Transportation advocates are revving up their efforts to improve the southern part of the borough’s access to public transportation.
Elected officials and community leaders called on Mayor Bill de Blasio last week to make ferry service to the Rockaway peninsula a permanent endeavor before it expires in October. Those same advocates also took to a state Assembly hearing last week to advocate for the revitalization of the Rockaway Beach Rail Line.
Queens Borough President Melinda Katz joined with state Assemblyman Phil Goldfeder (D-Rockaway Park) last week in calling on both de Blasio and the Port Authority of New York and New Jersey to make the Rockaway ferry service permanent. Both cited overwhelming support from the southern Queens community and argued it would spur economic growth in that part of the borough.
This week, Goldfeder spoke alongside constituents at an Assembly hearing for the Committee on Corporations, Authorities and Commissions to discuss the Metropolitan Transportation Authority’s 2015-2019 Capital Program, delivering five hours of testimony for an improved transit system.
“I made it clear to the MTA that transportation is key to our Sandy recovery and success,” Goldfeder said, citing the horrific superstorm that swept through the northeast in 2012. “In addition to improving the terrible service on the A train, the MTA must remove the toll on the Cross Bay Bridge for every Queens resident, increase bus service and restore the Rockaway Beach Rail Line.”
Earlier this summer, the MTA included the revitalization of the abandoned Rockaway Beach Rail Line in its 20-year Capital Needs Assessment Report, which Goldfeder and other transportation advocates applauded. Residents throughout the southern part of Queens have repeatedly argued that bringing back the railway would allow for quicker commutes to Manhattan from Queens while giving a boost to the city economy.
“It’s so easy for the MTA to ignore small communities,” said John Rozankowski of the Queens Public Transit Committee. “Northern Queens is bustling with economic activity, however, this growth cannot reach southern Queens because of Forest Park. There is only one possible channel: the Rockaway line. Reactivation would mean small businesses taking over abandoned and foreclosed homes providing local jobs and also giving southern residents equal opportunity to compete for jobs in the north.”

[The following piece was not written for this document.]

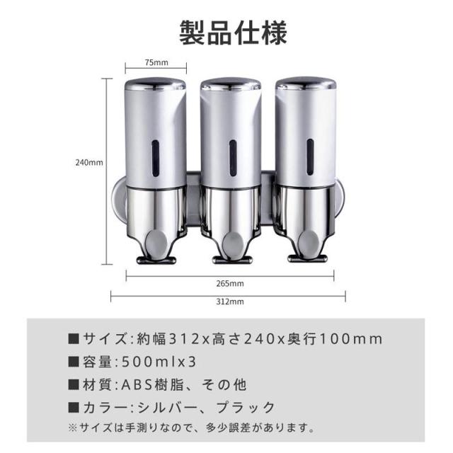 検索キーワード:シャンプーディスペンサー 壁掛け 3連 下から出る 大容量 ボディソープ ハンドソープ 詰め替えボトル 500ml×3 お風呂 浴室 浮かせる収納 おしゃれ 家庭用 業務用 ギフト 贈り物 母の日 父の日 バレンタインデー クリスマス 敬老の日 勤労感謝の日 おすすめ 人気ランキング 人気商品 雑貨 お返し 誕生日 シャンプー コンディショナー リンス 下からでる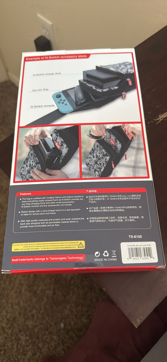 ZelleBuzus Core sling travel bag for Nintendo Switch or Switch Lite. Designed for gaming and electronics accessories. Comfortable sling style, multiple compartments, and durable material. Great for travel or everyday carry.

Another transit upgrade that Goldfeder plugged included the removal of tolls for Queens residents traveling along the Cross Bay Bridge. In his testimony, the assemblyman said residents of Ozone Park and Howard Beach should especially be exempt from the toll in order to encourage travel and economic growth for the southern part of the borough.
“In the immediate aftermath of Sandy, we experienced firsthand the detrimental impact that the lack of public transit has on our families – in order to plan for our future growth, we must invest in vital transit infrastructure now,” he said. “There is no debate, improving current subway lines, increasing service and investing in projects like the Rockaway Beach Rail Line will benefit every resident of New York City.”